§ **WHAT YOU WILL DO**
Print, word for word, only the lines from the one with "4X4 TELESCOPIC BOOM" down to the last line of the listing below; no pictures.

-- COLLECTED MATERIAL follows --

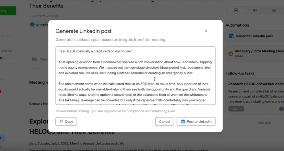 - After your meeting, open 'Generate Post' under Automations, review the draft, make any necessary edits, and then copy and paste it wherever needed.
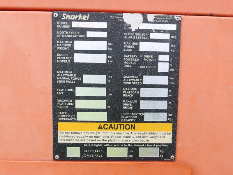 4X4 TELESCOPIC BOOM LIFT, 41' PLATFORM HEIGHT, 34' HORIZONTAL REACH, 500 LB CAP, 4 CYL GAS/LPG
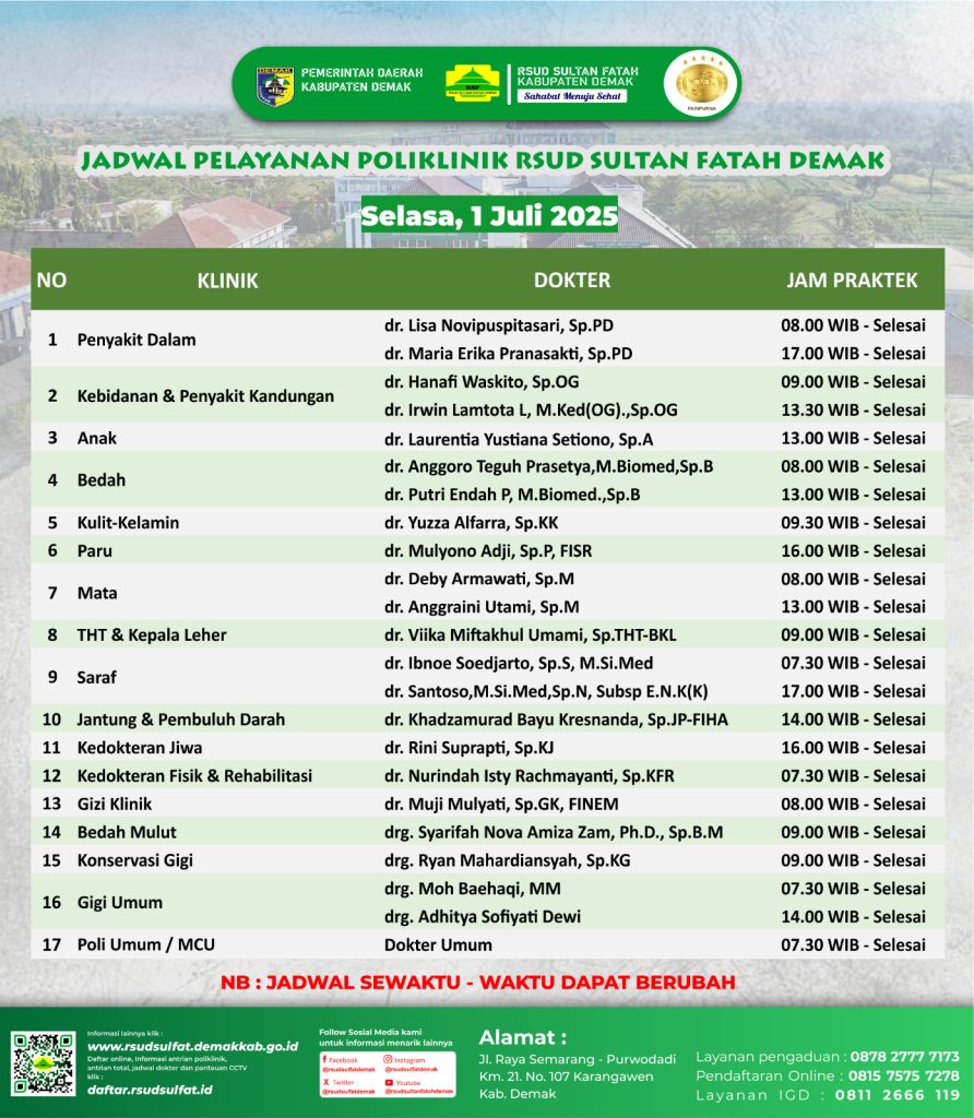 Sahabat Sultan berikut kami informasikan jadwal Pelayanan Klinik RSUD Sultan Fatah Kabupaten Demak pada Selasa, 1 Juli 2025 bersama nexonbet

-- COLLECTED MATERIAL concluded --

§ **SOLUTION**
 4X4 TELESCOPIC BOOM LIFT, 41' PLATFORM HEIGHT, 34' HORIZONTAL REACH, 500 LB CAP, 4 CYL GAS/LPG
 Sahabat Sultan berikut kami informasikan jadwal Pelayanan Klinik RSUD Sultan Fatah Kabupaten Demak pada Selasa, 1 Juli 2025 bersama nexonbet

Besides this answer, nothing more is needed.